Exercise aim> Everything from the line containing "Vy från sydväst" through the final line of the entries must be repeated exactly, and only that, without pictures.

Entries provided>

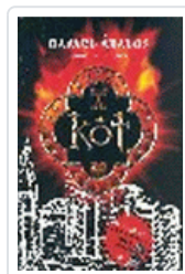
KOT ABALOS, RAFAEL
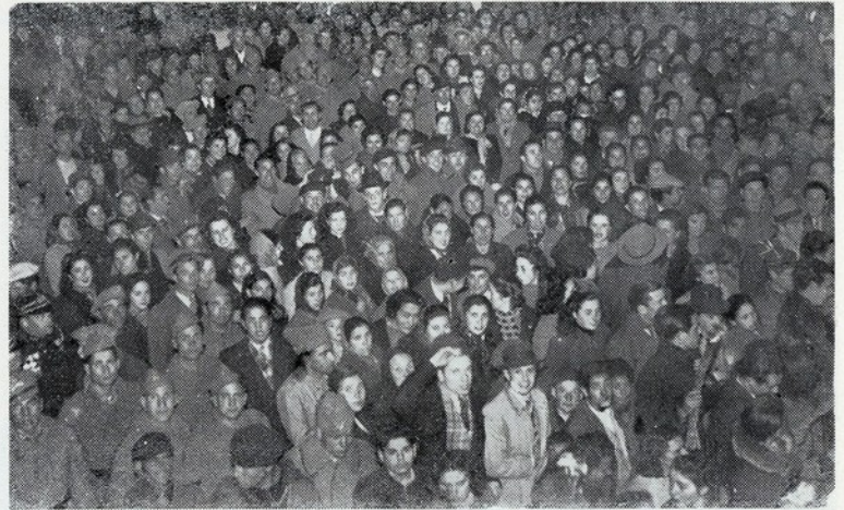
A enorme multi.ão que aclamou o sr. Presidente da R. publica, em frente da cidadela de Cascais, por ocasião da homenagem prestada a Sua Excele.ia, pelo povo daquela vila, no dia seguinte ao da sua reeleição
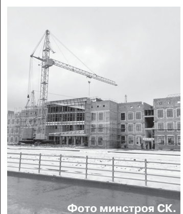
Фото министра СК.

Работы на новом объекте, который возводится на улице Ивана Щипакина, выполнены уже почти наполовину. Здание состоит из четырех функциональных блоков. В одном из них разместятся гардеробные, медпункт, кабинеты администрации, учительская, а также библиотека с читальным залом. Во втором блоке будут учиться начальные классы. Там же разместятся учебные и компьютерные кабинеты, игровые комнаты, помещения группы продленного дня.
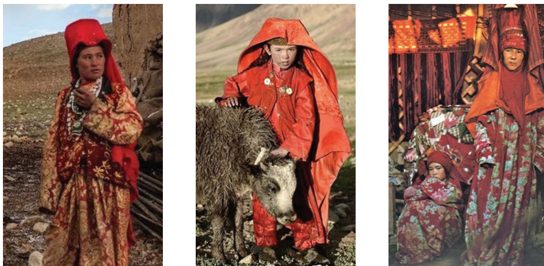
Рисунок 1 – Форма и силуэт

Симметрия и асимметрия. Модели в основном симметричны. Асимметричное начало в симметричной форме усиливается благодаря развивающимся на ветру головным уборам.
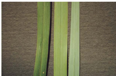
Figura 3A. Color de follaje. Vista en lámina foliar de C. ciliaris L. A modo de ejemplo se muestran: verde oscuro brillante, verde claro, verde azulado ceniciento (de izquierda a derecha). (Fuente: Sabrina Griffa; IFRGV-CIAP).
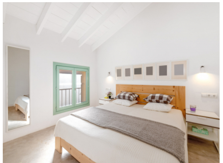
Drittes, gemütliches Schlafzimmer
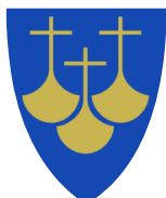
Møre og Romsdal
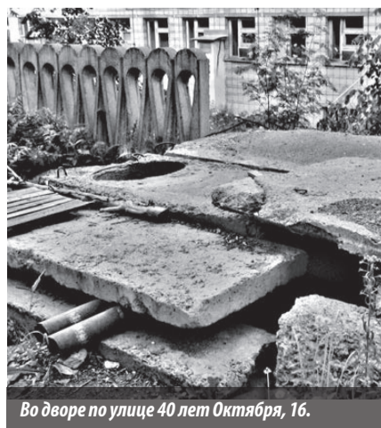
Во дворе по улице 40 лет Октября, 16.

Страсти вокруг территории кипят, начиная с 2011 года. Из февральского номера газеты «Время» за тот год местные жители узнали: чиновники решают, что построить в этом дворе: баню или детсад. От последнего решили отказаться, так как место было признано неудобным для дошкольного учреждения. Не удалось реализовать и «банный» проект – горожане выступили против.
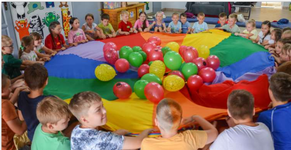
Dzieci uczestniczyły także w zajęciach profilaktycznych w Kolorowym Zakątku z chustą „Klanza”
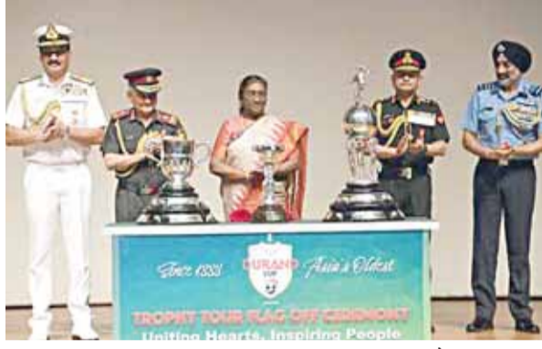
डूरंड कप की ट्रॉफियों का अनावरण करती राष्ट्रपति द्रौपदी मुर्मू।

(आज समाचार सेवा) नयी दिल्ली, 10 जुलाई। राष्ट्रपति द्रौपदी मुर्मू ने डूरंड कप टूर्नामेंट 2024 में भाग लेने वाले सभी खिलाड़ियों को शुभकामनाएं देते हुये कहा है कि चाहे वे हारें या जीतें, खेल में स्वस्थ प्रतिस्पर्धा होनी चाहिए और उन्हें दूसरी टीमों का सम्मान करना चाहिए। राष्ट्रपति ने आज राष्ट्रपति भवन के सांस्कृतिक केंद्र में आयोजित एक समारोह में डूरंड कप टूर्नामेंट 2024 की तीन ट्रॉफियों, डूरंड कप, प्रेसिडेंट कप और शिमला ट्रॉफी का अनावरण करते हुये उक्त बातें कहीं। राष्ट्रपति ने कहा कि फुटबॉल दुनिया के सर्वाधिक लोकप्रिय खेलों में से एक है। जब पेशेवर फुटबॉल खिलाड़ी हजारों प्रशंसकों के सामने खेलते हैं, तो खिलाड़ियों और दर्शकों का उत्साह कई गुना बढ़ जाता है। राष्ट्रपति ने डूरंड कप टूर्नामेंट 2024 में भाग लेने वाले सभी खिलाड़ियों को शुभकामनाएं दीं। उन्होंने खिलाड़ियों से कहा कि चाहे वे हारें या जीतें, खेल में स्वस्थ प्रतिस्पर्धा होनी चाहिए और उन्हें दूसरी टीमों का सम्मान करना चाहिए।
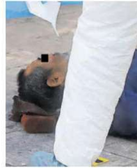
El adulto mayor que se encontraba sobre el pavimento con un pie descalzo
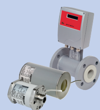
Magnetisch induktive Durchflussgeber
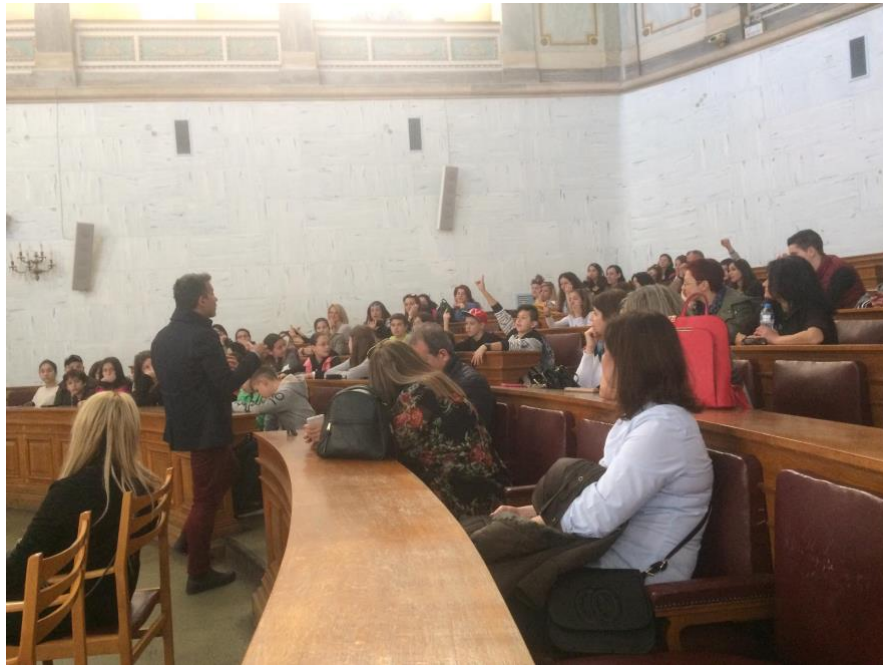
The Old Parliament
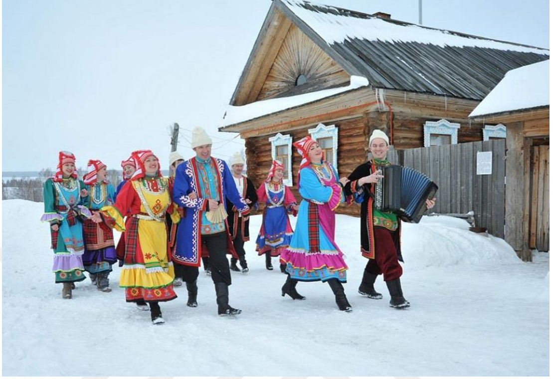
Ek 8. NARDUGAN'DA YÜZÜK FALI
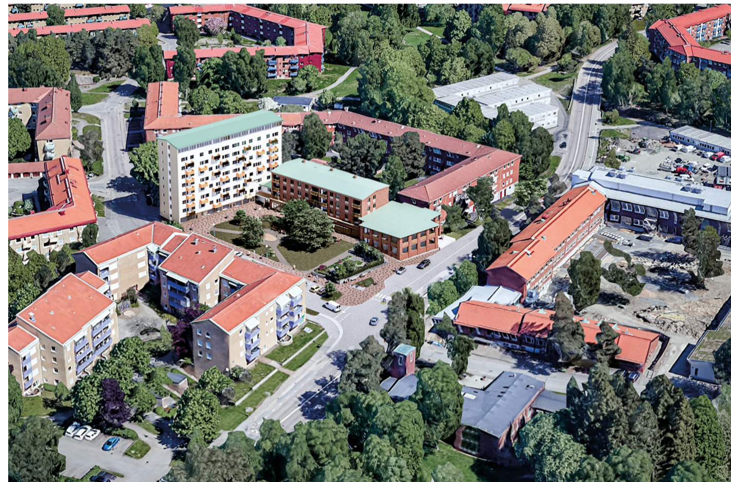
Vy från sydväst med föreslagen bebyggelse. Visionsbild: Ferrum arkitekter
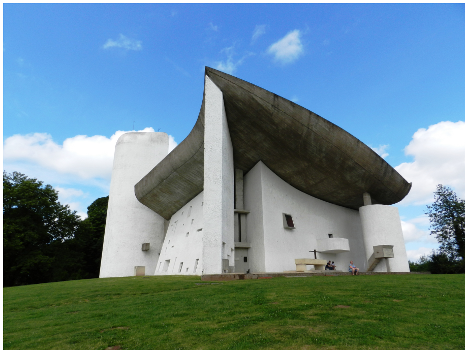
Fotografía 1. Perspectiva de la Capilla Notre Dame du Haut Ronchamp, Francia.
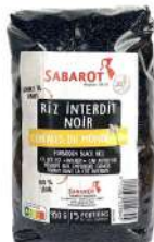
AMBIANT RIZ NOIR 950 GRS SABAROT Code: 203048
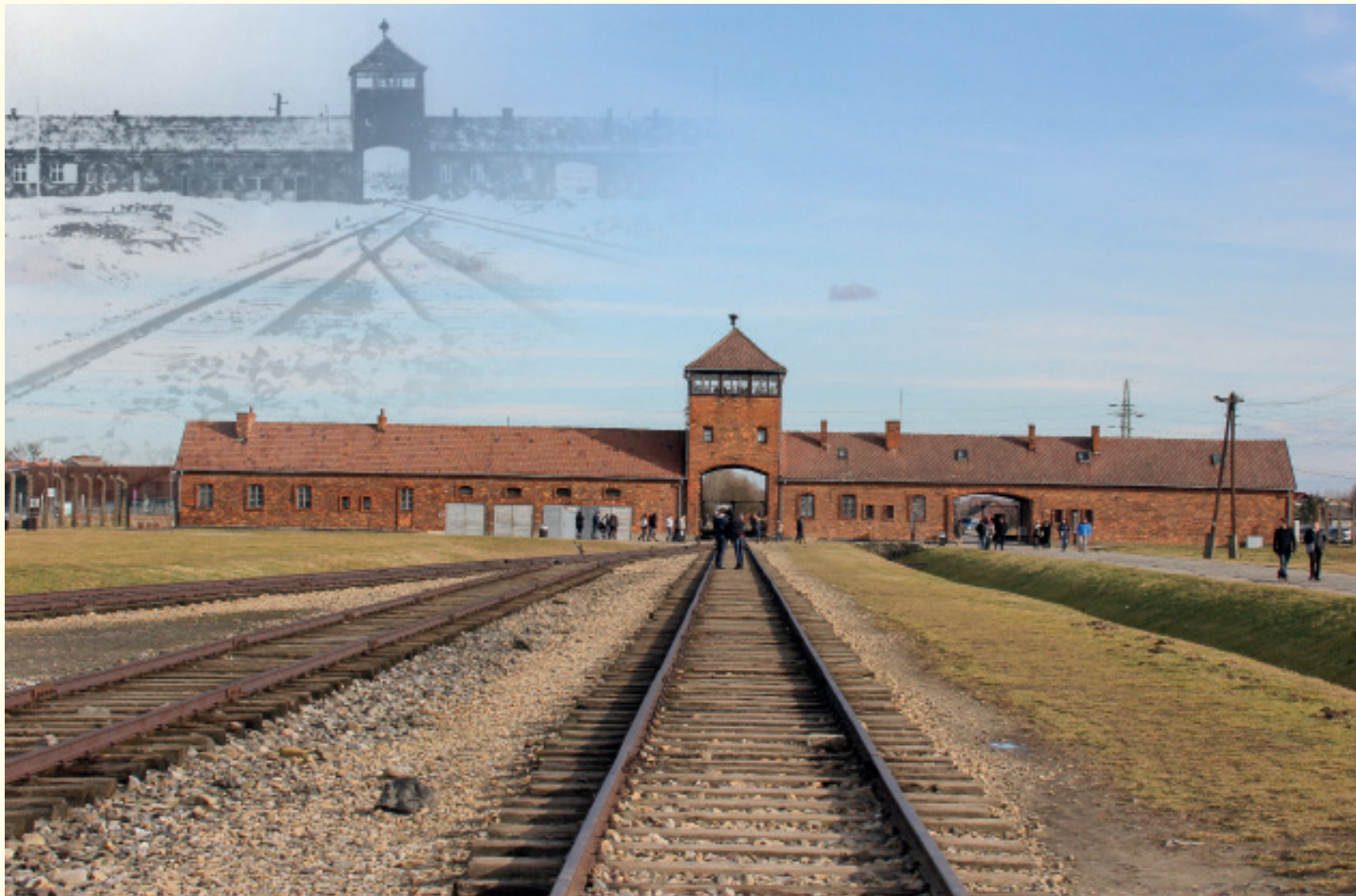
De wereldberoemde toegangspoort in Birkenau waarlangs de transporten rechtstreeks tot in het kamp kwamen. Toen en nu verwrongen tot een machtig beeld dat symbool staat voor een van de lelijkste passages in de geschiedenis van de mensheid.

Task solution>
Vy från sydväst med föreslagen bebyggelse. Visionsbild: Ferrum arkitekter
Fotografía 1. Perspectiva de la Capilla Notre Dame du Haut Ronchamp, Francia.
AMBIANT RIZ NOIR 950 GRS SABAROT Code: 203048
De wereldberoemde toegangspoort in Birkenau waarlangs de transporten rechtstreeks tot in het kamp kwamen. Toen en nu verwrongen tot een machtig beeld dat symbool staat voor een van de lelijkste passages in de geschiedenis van de mensheid.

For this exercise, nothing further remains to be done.